Ron Canterbury, a professor at the University of Cincinnati, returned to his native Raleigh County where he participated in the Raleigh County Christmas Bird Count organized by Allen Waldron and held on Dec. 19, 2010. Canterbury participated in that count with Allen and Mindy Waldron, Wade Snyder and Bob Dameron. The volunteers counted 56 species and 9,323 individual birds — a number that was greatly augmented by the 7,860 American crows the volunteers counted.
“There is a large roost of crows in Raleigh County ... Beckley,” Phillips said. “That’s like the large roost of crows you have in Bluefield.”
Along with participating in the Raleigh County count, four years ago, Canterbury resurrected the Christmas Bird Count organized by the late Dr. Paul Cecil Bibbee in the 1940s. Canterbury served as compiler on the Athens/Princeton count that took place on Dec. 23, 2010 with Ben Carter, Janet Meyer, Jim and Judy Phillips and Allen Waldron joining in the effort. The volunteers counted 42 species, 1,774 individual birds. The group counted 38 cedar waxwings, 14 eastern towhees, 92 dark-eyed junco and four yellow-bellied sapsuckers.
“We don’t have enough observers,” Canterbury said. “There has been a decline in American goldfinch. We’re seeing a lot fewer of them on these counts.
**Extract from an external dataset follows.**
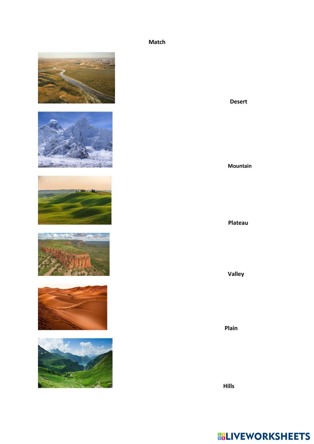 Created byDorji Dema English as a Second Language (ESL) Types of Landforms Age 9-15 level: VII English Author's Instructions Let students match the landforms and its words My Google Classroom Courses × 0 classes selected (0 students total) Quick Access Select all classes (0 classes) All Classes Loading courses... Cancel Share Share to selected Course __COURSE_NAME__ __STUDENT_NAME__ (__STUDENT_EMAIL__) Types of landforms Download Worksheet Validation Check my answers Emails my answers to my teacher Full name Group/level School subject Teacher's email or key code Close Submit Validating worksheet... (12) Your answers have been sent to your teacher. Good luck! OK We encountered an error submitting your answers. Please try again. OK Advertisement | Go Ad Free Created byDorji Dema English as a Second Language (ESL) Types of Landforms Age 9-15 level: VII English Author's Instructions Let students match the landforms and its words

“We do better on the Christmas Bird Count when the weather is bad,” he said. “I can remember doing a count back in the 1980s when the weather was in the 60s. We didn’t see many birds at all that day.”
Canterbury and Phillips said they owe a great deal of thanks to the efforts of Dr. Bibbee who taught biology at (then) Concord College for 32 years. Bibbee, who died in 1971, was state taxidermist for West Virginia University and mammal preparer for Carnegie Museum in Pittsburgh. He received his undergraduate degree at West Virginia University and earned his Ph.D., at Cornell University. His publications include “Birds of West Virginia,” and Bird Life Histories and Behaviors.”